10. The manufacture method according to claim 8, wherein the optically functional layer has an absorption spectral range from 380 nm to 780 nm.

11. The manufacture method according to claim 8, wherein

the first electrode layer is an anode and the second electrode layer is a cathode; or,

the first electrode layer is a cathode and the second electrode layer is an anode.

12. A manufacture method of display panel, comprising:

forming a first electrode layer, an organic luminescent layer and a second electrode layer, in sequence, on a surface of a substrate; and

forming an optically functional layer configured for absorbing light on the surface of the substrate where the second electrode layer is formed;

wherein the first electrode layer and the second electrode layer both are transparent electrode layers.

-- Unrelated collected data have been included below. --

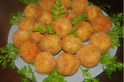 - بعد ذلك نشكل كريات ونضع الحشوة داخلها ثم نغمسها في الدقيق بعدها بالبيض ثم في البقسماط.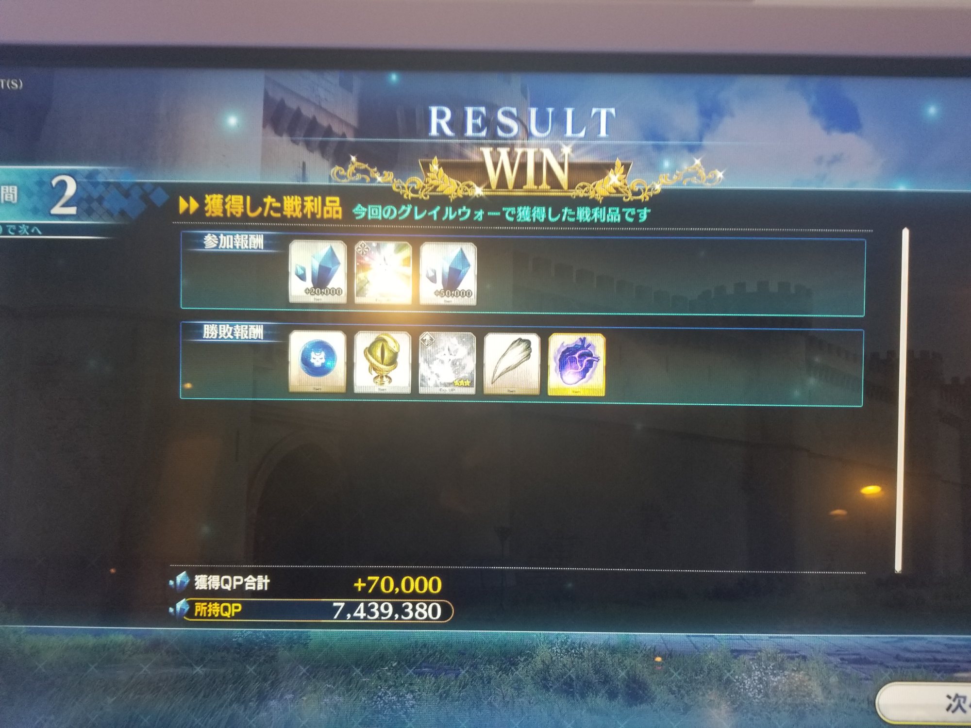 クエストクリア後の呼符に100円。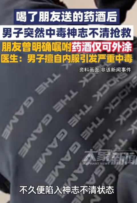 “这下后悔了吧!”10月23日,上海,一男子收到朋友送的“活血化瘀”药酒,他不顾朋友仅能外涂的嘱咐擅自饮用,结果引发严重中毒,神志不清直接倒地,网友:这是多大的酒瘾啊! 部分药酒仅能外涂不能内服,这是因为其中泡酒的药材有一定毒性,外涂时能发挥最大功效,一旦饮用,药材中的毒素就会进入体内,造成中毒。 一男子收到朋友送的药酒,朋友明确嘱托这药酒只能外涂,怕他误服朋友还特地多强调了几遍,男子嘴上答应着,其实对朋友的话左耳朵进右耳朵出。 这天凌晨,男子在家中打开药酒饮用了一些,喝完没多久,他开始感觉到有些神志不清,控制不了自己的身体东倒西歪,原来,朋友送的药酒中含有曼陀罗,一旦内服就会引发中毒。 家人发现男子时,他已经倒在地上,呼吸明显不对劲,见状家人赶紧拨打了120,将男子送往医院抢救,经过5天的昼夜不停地治疗,男子最终康复出院。 不少网友认为男子就是个“酒蒙子”,男子应该很后悔当时没听朋友的嘱咐,朋友本是一番好心,结果因为自己的行为演变成了这样,还好人救回来了,不然朋友得多自责! 信息来源:《男子擅自服用“朋友曾明确嘱咐仅可外涂”的药酒,引发严重中毒》大象新闻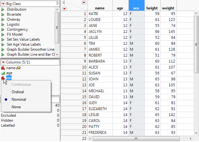 To change the modeling type to Continuous, Nominal, Ordinal, or None:

13. The manufacture method according to claim 12, wherein before forming the optically functional layer configured for absorbing light on the surface of the substrate which has been formed with the structure above, the manufacture method further comprises:

forming an optical coupling layer for increasing a transmissivity of the display panel on the surface of the substrate where the second electrode layer is formed.

14. The manufacture method according to claim 12, wherein the optically functional layer has an absorption spectral range from 380 nm to 780 nm.

15. The manufacture method according to claim 12, wherein

the first electrode layer is an anode and the second electrode layer is a cathode; or,

the first electrode layer is a cathode and the second electrode layer is an anode.

16. The manufacture method according to claim 13, wherein the optically functional layer has an absorption spectral range from 380 nm to 780 nm.

17. The manufacture method according to claim 13, wherein

the first electrode layer is an anode and the second electrode layer is a cathode; or,

the first electrode layer is a cathode and the second electrode layer is an anode.

18. The manufacture method according to claim 14, wherein

the first electrode layer is an anode and the second electrode layer is a cathode; or,

the first electrode layer is a cathode and the second electrode layer is an anode.

19. The display panel according to claim 3, wherein the optically functional layer has an absorption spectral range from 380 nm to 780 nm.

20. The display panel according to claim 3, wherein

the first electrode layer is an anode and the second electrode layer is a cathode; or,

the first electrode layer is a cathode and the second electrode layer is an anode.